Task objective - Please copy exactly the part of the records below that opens with the line containing "설 연휴 마지막 날인" and closes with the line containing "ಆಗ್ನೇಯ ಏಷ್ಯಾದಲ್ಲಿ ಅಡಿಕೆ", leaving out any pictures.

Input material -
%%
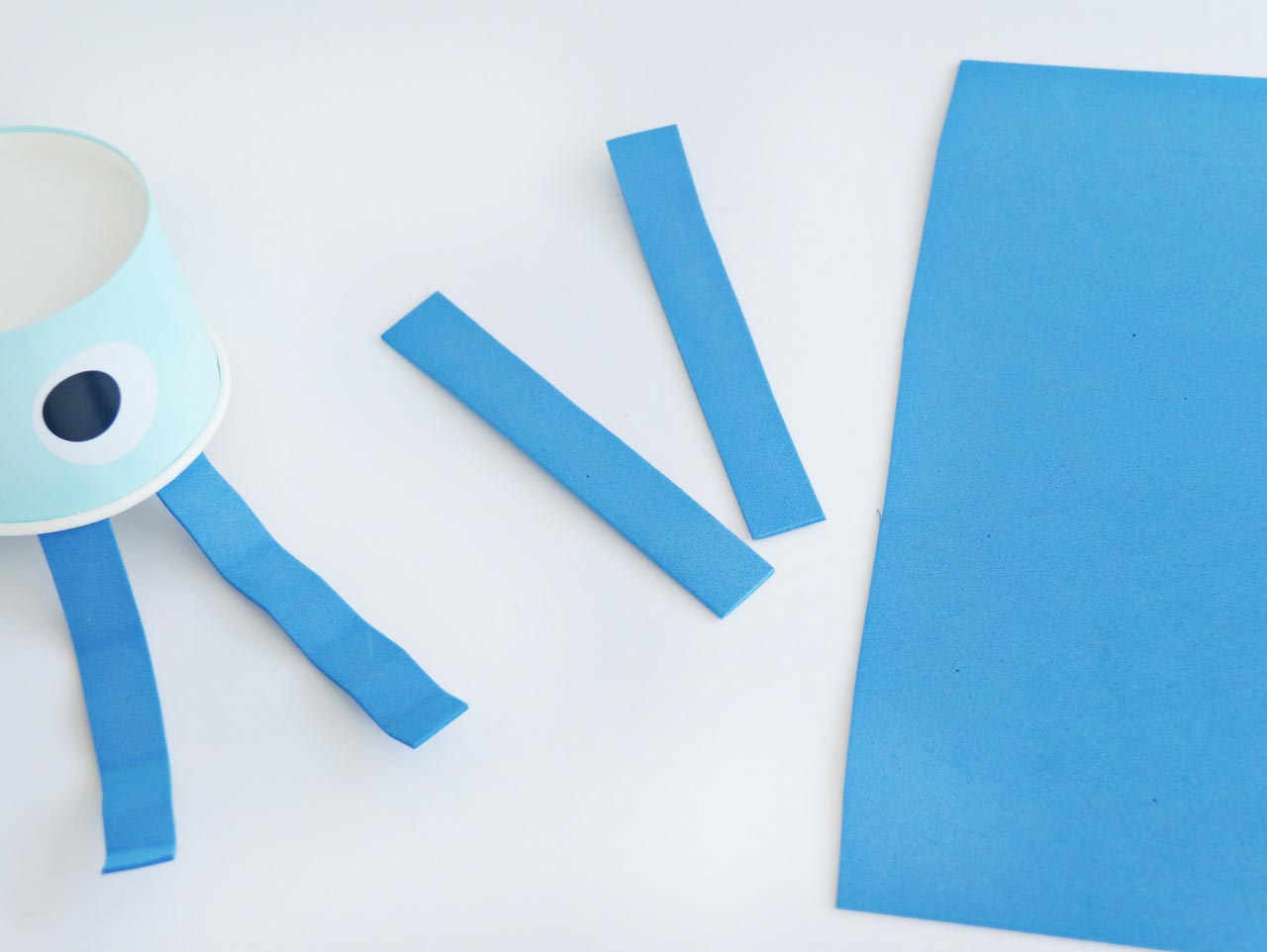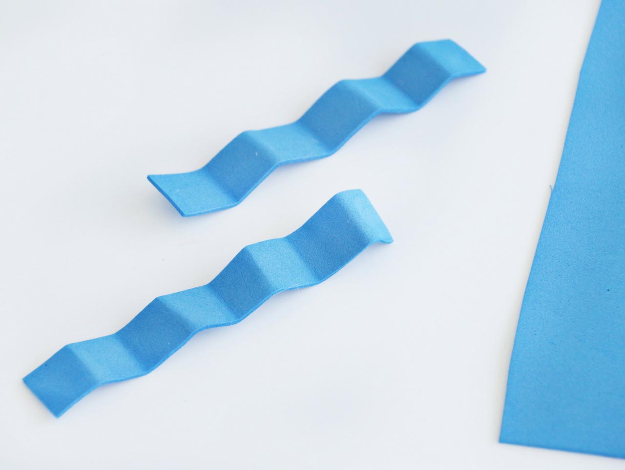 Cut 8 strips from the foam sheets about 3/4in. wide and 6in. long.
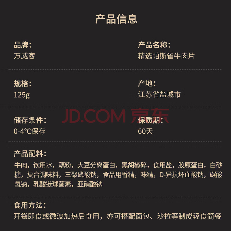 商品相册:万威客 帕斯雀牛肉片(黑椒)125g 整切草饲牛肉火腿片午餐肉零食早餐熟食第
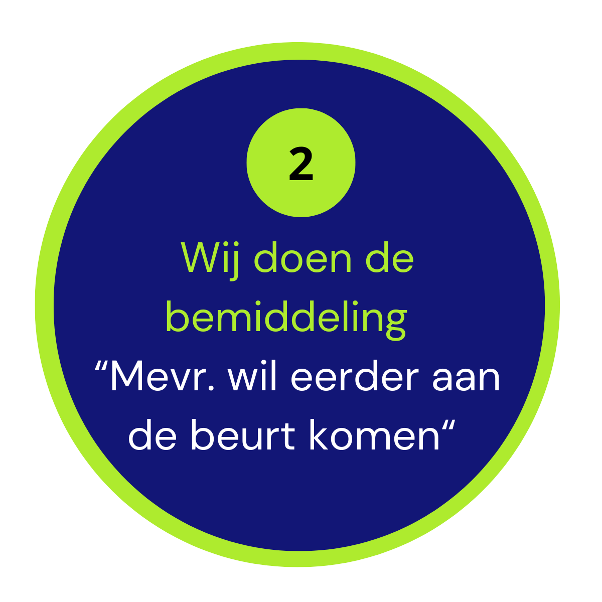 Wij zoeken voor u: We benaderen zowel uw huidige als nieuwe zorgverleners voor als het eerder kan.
%%
%%
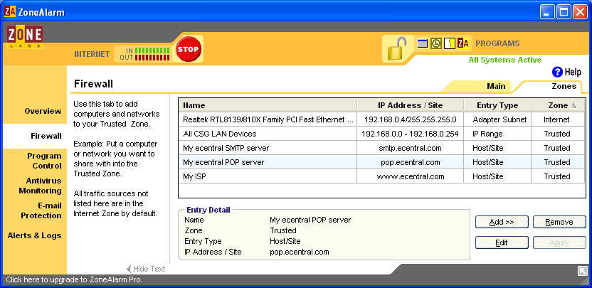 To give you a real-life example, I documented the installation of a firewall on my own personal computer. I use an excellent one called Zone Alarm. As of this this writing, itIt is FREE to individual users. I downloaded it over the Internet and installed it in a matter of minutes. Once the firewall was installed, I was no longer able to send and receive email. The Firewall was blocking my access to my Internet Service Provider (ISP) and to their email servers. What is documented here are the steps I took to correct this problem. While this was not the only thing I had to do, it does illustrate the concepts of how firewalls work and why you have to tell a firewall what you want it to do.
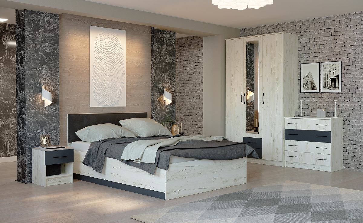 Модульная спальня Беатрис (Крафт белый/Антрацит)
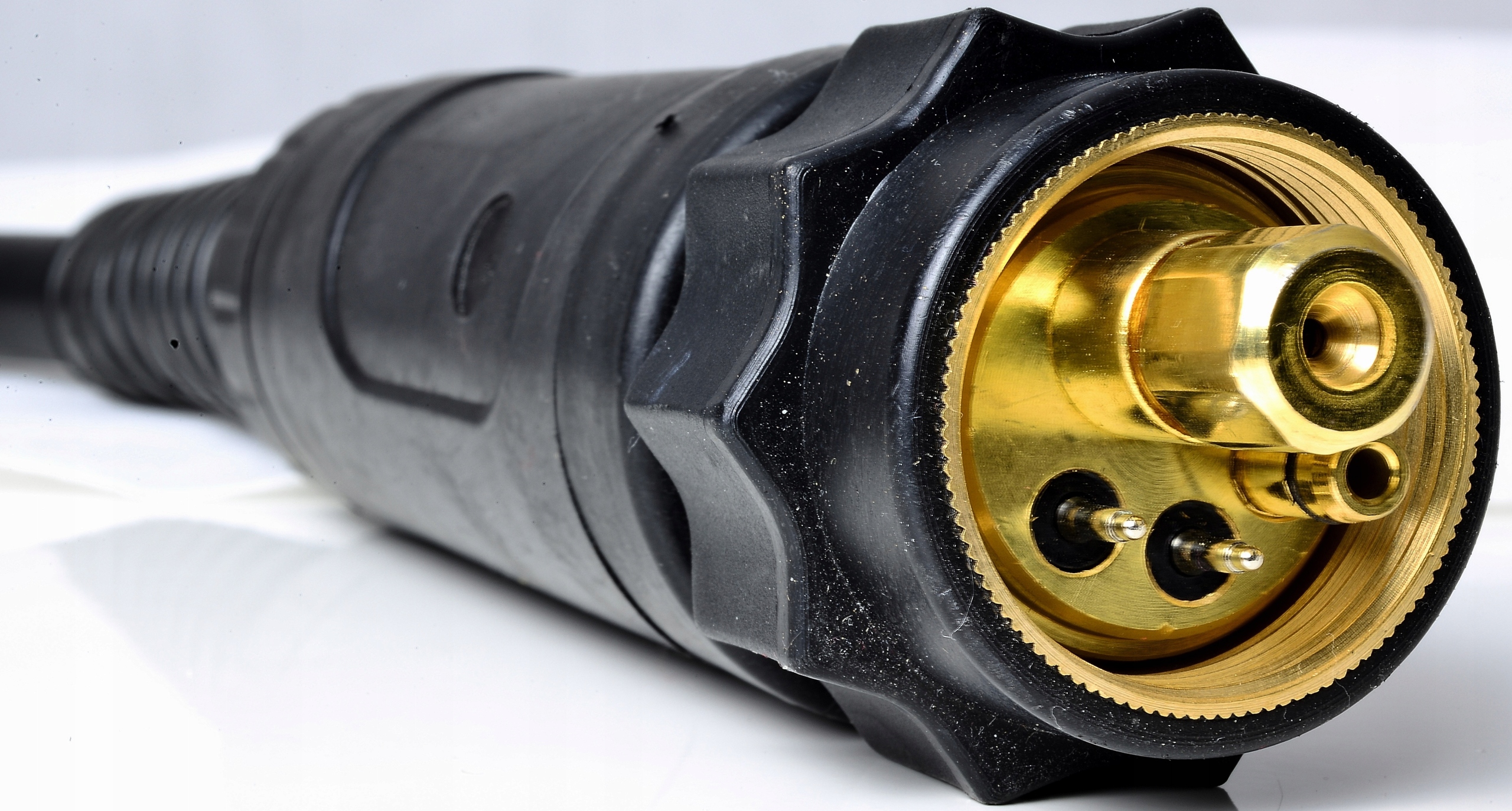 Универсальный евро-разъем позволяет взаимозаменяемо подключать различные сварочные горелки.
%%
%%
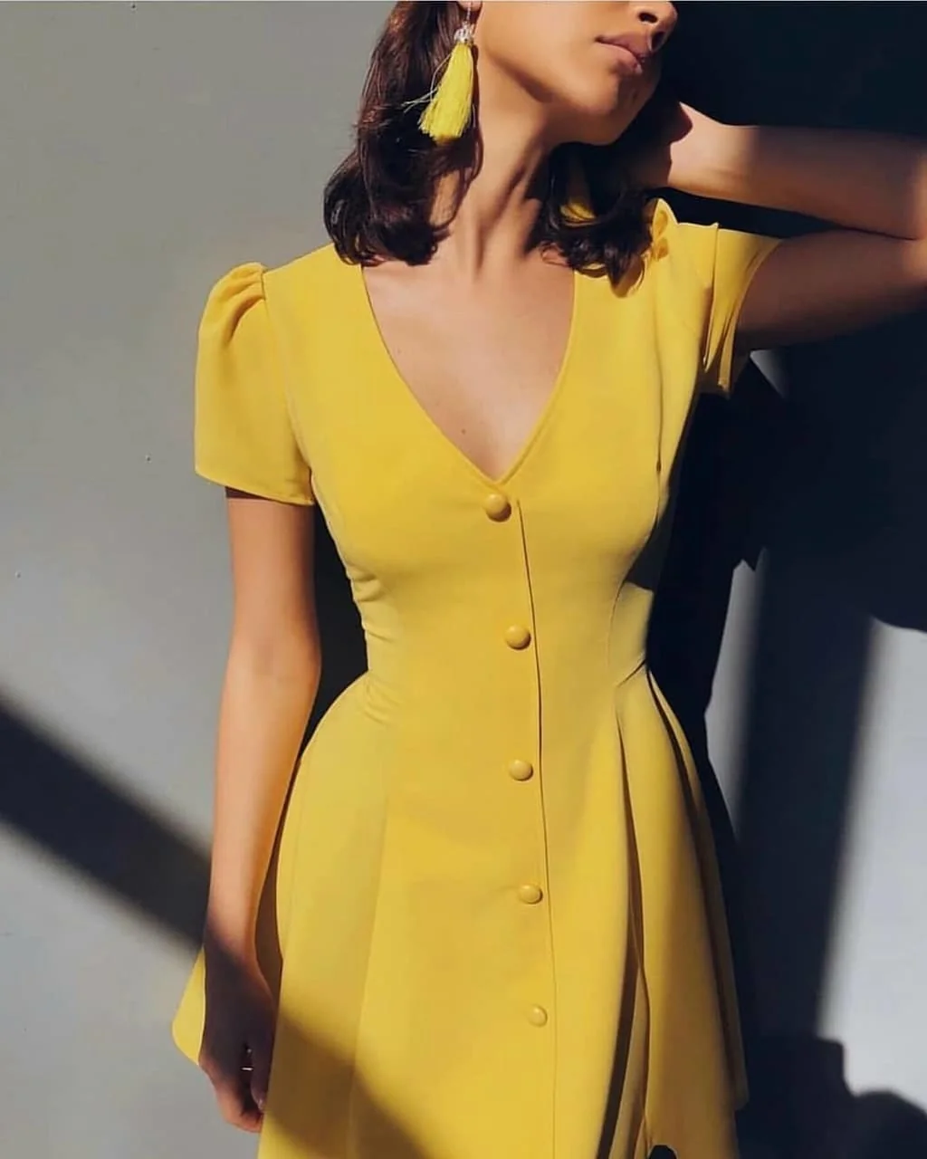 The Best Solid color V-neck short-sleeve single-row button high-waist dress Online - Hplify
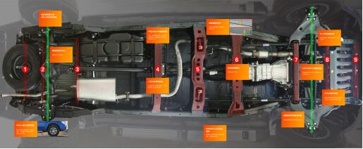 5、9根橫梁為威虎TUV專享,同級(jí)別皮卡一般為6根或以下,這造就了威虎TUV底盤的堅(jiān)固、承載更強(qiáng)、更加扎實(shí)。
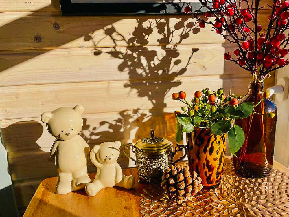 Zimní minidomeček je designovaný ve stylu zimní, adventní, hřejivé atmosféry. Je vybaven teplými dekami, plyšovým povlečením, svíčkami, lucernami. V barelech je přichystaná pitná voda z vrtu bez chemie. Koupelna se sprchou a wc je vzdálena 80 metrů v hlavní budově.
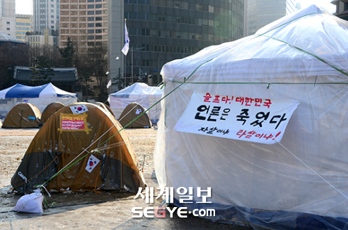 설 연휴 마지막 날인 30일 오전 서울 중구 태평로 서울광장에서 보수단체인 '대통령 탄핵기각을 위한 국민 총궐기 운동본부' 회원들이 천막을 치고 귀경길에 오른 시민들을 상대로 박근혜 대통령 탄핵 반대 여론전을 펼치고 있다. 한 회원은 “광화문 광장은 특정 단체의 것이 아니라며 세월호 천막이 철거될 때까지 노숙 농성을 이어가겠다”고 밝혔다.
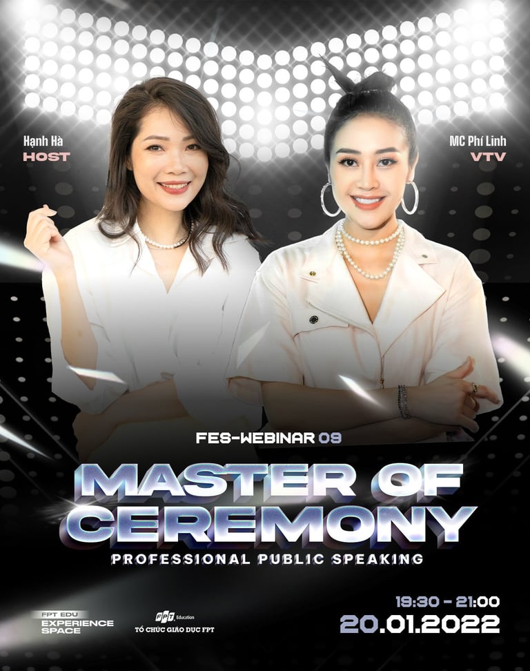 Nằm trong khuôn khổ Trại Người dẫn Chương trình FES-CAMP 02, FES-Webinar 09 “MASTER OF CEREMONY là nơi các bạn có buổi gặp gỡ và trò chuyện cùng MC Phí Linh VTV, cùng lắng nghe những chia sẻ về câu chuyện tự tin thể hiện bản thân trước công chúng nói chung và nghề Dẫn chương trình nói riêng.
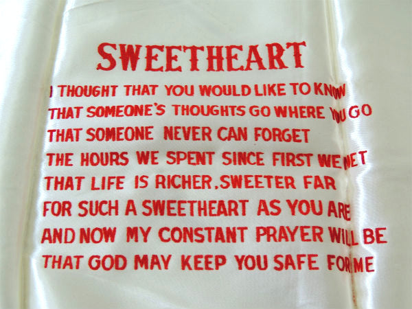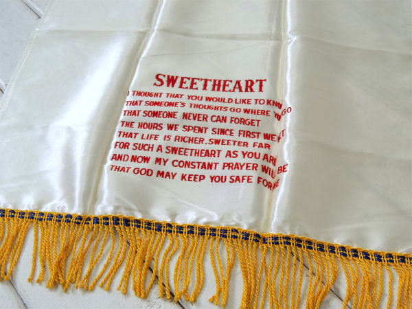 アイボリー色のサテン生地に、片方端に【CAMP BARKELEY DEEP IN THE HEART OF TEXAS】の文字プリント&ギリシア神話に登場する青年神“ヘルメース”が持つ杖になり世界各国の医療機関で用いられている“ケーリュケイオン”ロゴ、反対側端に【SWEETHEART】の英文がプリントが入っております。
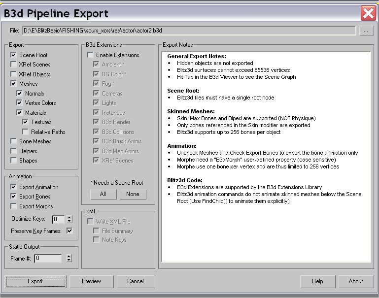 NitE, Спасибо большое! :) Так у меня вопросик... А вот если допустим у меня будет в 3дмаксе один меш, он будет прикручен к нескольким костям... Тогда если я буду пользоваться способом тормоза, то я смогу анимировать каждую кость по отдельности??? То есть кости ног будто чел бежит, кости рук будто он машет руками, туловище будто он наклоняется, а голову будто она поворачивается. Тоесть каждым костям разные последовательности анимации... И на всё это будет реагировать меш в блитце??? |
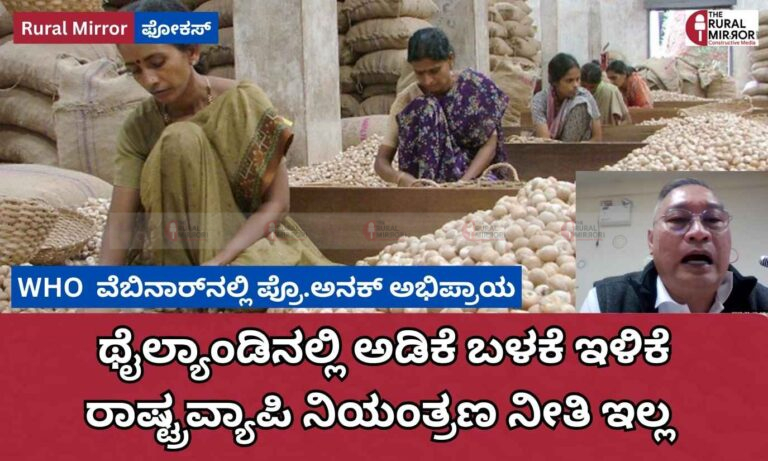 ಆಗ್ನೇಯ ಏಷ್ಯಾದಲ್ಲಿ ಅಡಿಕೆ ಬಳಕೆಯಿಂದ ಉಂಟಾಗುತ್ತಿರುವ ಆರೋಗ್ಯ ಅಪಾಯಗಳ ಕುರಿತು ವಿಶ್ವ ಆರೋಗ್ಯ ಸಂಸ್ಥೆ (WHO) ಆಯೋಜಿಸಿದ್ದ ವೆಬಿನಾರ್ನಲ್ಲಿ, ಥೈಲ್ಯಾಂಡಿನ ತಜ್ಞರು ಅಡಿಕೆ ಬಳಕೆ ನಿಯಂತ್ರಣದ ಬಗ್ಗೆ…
%%
Task response -
 설 연휴 마지막 날인 30일 오전 서울 중구 태평로 서울광장에서 보수단체인 '대통령 탄핵기각을 위한 국민 총궐기 운동본부' 회원들이 천막을 치고 귀경길에 오른 시민들을 상대로 박근혜 대통령 탄핵 반대 여론전을 펼치고 있다. 한 회원은 “광화문 광장은 특정 단체의 것이 아니라며 세월호 천막이 철거될 때까지 노숙 농성을 이어가겠다”고 밝혔다.
 Nằm trong khuôn khổ Trại Người dẫn Chương trình FES-CAMP 02, FES-Webinar 09 “MASTER OF CEREMONY là nơi các bạn có buổi gặp gỡ và trò chuyện cùng MC Phí Linh VTV, cùng lắng nghe những chia sẻ về câu chuyện tự tin thể hiện bản thân trước công chúng nói chung và nghề Dẫn chương trình nói riêng.
 アイボリー色のサテン生地に、片方端に【CAMP BARKELEY DEEP IN THE HEART OF TEXAS】の文字プリント&ギリシア神話に登場する青年神“ヘルメース”が持つ杖になり世界各国の医療機関で用いられている“ケーリュケイオン”ロゴ、反対側端に【SWEETHEART】の英文がプリントが入っております。
 NitE, Спасибо большое! :) Так у меня вопросик... А вот если допустим у меня будет в 3дмаксе один меш, он будет прикручен к нескольким костям... Тогда если я буду пользоваться способом тормоза, то я смогу анимировать каждую кость по отдельности??? То есть кости ног будто чел бежит, кости рук будто он машет руками, туловище будто он наклоняется, а голову будто она поворачивается. Тоесть каждым костям разные последовательности анимации... И на всё это будет реагировать меш в блитце??? |
 ಆಗ್ನೇಯ ಏಷ್ಯಾದಲ್ಲಿ ಅಡಿಕೆ ಬಳಕೆಯಿಂದ ಉಂಟಾಗುತ್ತಿರುವ ಆರೋಗ್ಯ ಅಪಾಯಗಳ ಕುರಿತು ವಿಶ್ವ ಆರೋಗ್ಯ ಸಂಸ್ಥೆ (WHO) ಆಯೋಜಿಸಿದ್ದ ವೆಬಿನಾರ್ನಲ್ಲಿ, ಥೈಲ್ಯಾಂಡಿನ ತಜ್ಞರು ಅಡಿಕೆ ಬಳಕೆ ನಿಯಂತ್ರಣದ ಬಗ್ಗೆ…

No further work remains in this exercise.